Public concern has been further heightened by the fact that Black people represent a disproportionate number of those deaths that occur in custody. In 1996 alone, out of the 16 deaths in police custody 5 were Black. (Nicholas Long 1996) 'Inquest', a group which has monitored deaths in custody for the past 17 years and has actively campaigned for changes within the system, reported in 1996 to the United Nations Committee on the Elimination of Racial Discrimination that there is an alarming preponderance of Black people among those who die in custody. (Inquest 1996.) Attention has also been focussed at the role of the Crown Prosecution Service and Police Complaints Authority for their reluctance to prosecute any of those officers involved in causing death or any other serious injury. To date, no serving Police or Prison officer has been prosecuted of any offence despite overwhelming evidence that they have inflicted serious or grievous bodily harm which has subsequently resulted in another statistic of deaths in custody.

Racism within the Criminal Justice System has also been instrumental in criminalizing a disproportionate number of Black people who are in Prison today. Black people constitute 7 per cent of the population at large, as opposed to 18 per cent of the prison population. This reflects the level of bias that exists within the system. Evidence of further discrimination within the Criminal Justice System can be substantiated by analysing the official statistics for stop & searches carried out in the Capital in the year 1994/95; out of the 189,000 searches conducted by the Metropolitan Police 120,000 of them were young Black people. (Lee Jasper 1996) This in itself suggests a concerted systematic attempt at criminalizing Black people solely on the basis of preconceived prejudices which target specific sections of the community. Race not only determines who the Police arrest, but it is also a decisive factor that influences the way in which the courts view and treat Black defendants. For many Black people the reality is that when they are processed by the courts, they are more likely to be refused bail and remanded in custody. Black defendants also face longer sentences and are more inclined to be the victims of discrimination during the trial phase. In a majority of cases juries are from predominantly all white, middle class backgrounds and this can affect the outcome of a trial even before the evidence has been heard. Attitudes amongst the Judiciary have also given cause for concern. In 1982 Lord Denning, former Master of the Rolls, made the following comments about Law breaking within Britain's Black
community. "They came from Countries where bribery and graft are accepted - and where stealing is a virtue as long as you're not found out." (quoted in the Guardian, November 10 1992 - Racism and Criminology - Dee Cook and Barbara Hudson) Negative stereotyping such as this has done little to allay the fears of the Black community who view the System with suspicion and mistrust. This has been reinforced by the alarming number of miscarriages of justice that have come to light over recent years.
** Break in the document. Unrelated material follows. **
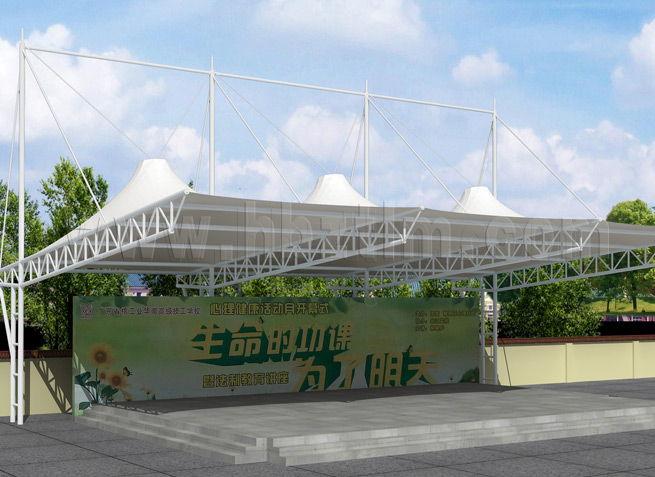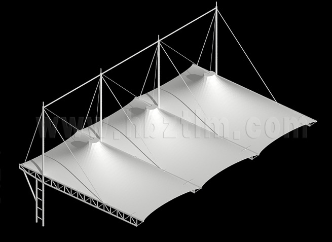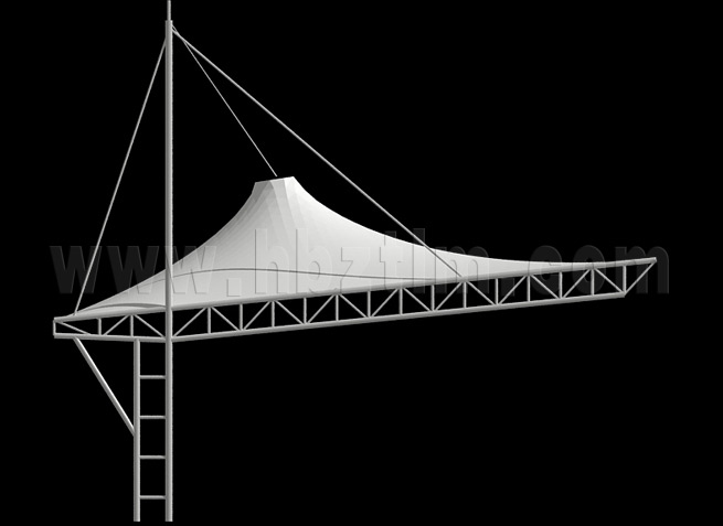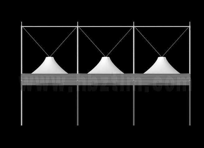 膜材采用PVDF国产或者进口建筑膜材、PTFE玻璃纤维建筑膜材、ETFE透明的永久性建筑膜材;自动放样裁剪,高频焊接,拉伸效果超强,曲线成型可千变万化;膜材质保一般可达15-20年。

Over the last decade we've seen a spate of convictions that have been overturned by the Court of Appeal. Case studies such as the Birmingham 6, Guildford 4, Maguire 7, Judith Ward, Stefan Kiszko, Tottenham 3, Cardiff 3, Bridgewater 4 and numerous other convictions that were overturned following the disbanding of the West Midlands Serious Crime Squad reveal a pattern of corruption at every level of the Criminal Justice System. Many of those released on appeal having served decades behind bars were the victims of covert Police malpractice. Confessions were fabricated or coerced from suspects.
Police officers also planted and manufactured evidence in a bid to clear up crimes where they were under pressure to secure convictions. In many cases evidence pointing to the innocence of an accused person was deliberately suppressed by the Police and Lawyers acting for the Crown Prosecution Service. Collusion by Judges was also common place to the extent that the Judiciary ensured in numerous judgements that the credibility of those officers remained intact.Up until now, the only convictions which have been overturned are those where Campaign groups have kept cases in the public eye and forced the System into conceding that a miscarriage of justice has occurred.

The integrity of the justice system has been further undermined by not only judicial impropriety but by the advocacy of defence lawyers. Many of those wrongfully convicted are often poorly represented in Court. Mistakes made during the course of a trial, or where the defence has been inadequately argued, has led to many innocent people being sent to Prison. While this should automatically constitute grounds for an appeal, the reality is that there is no form of redress available to those on the receiving end. For many of those serving lengthy sentences the appeals process has proved to be futile. At present there are no safeguards in existence to ensure that mistakes made by Lawyers can be rectified at a later stage.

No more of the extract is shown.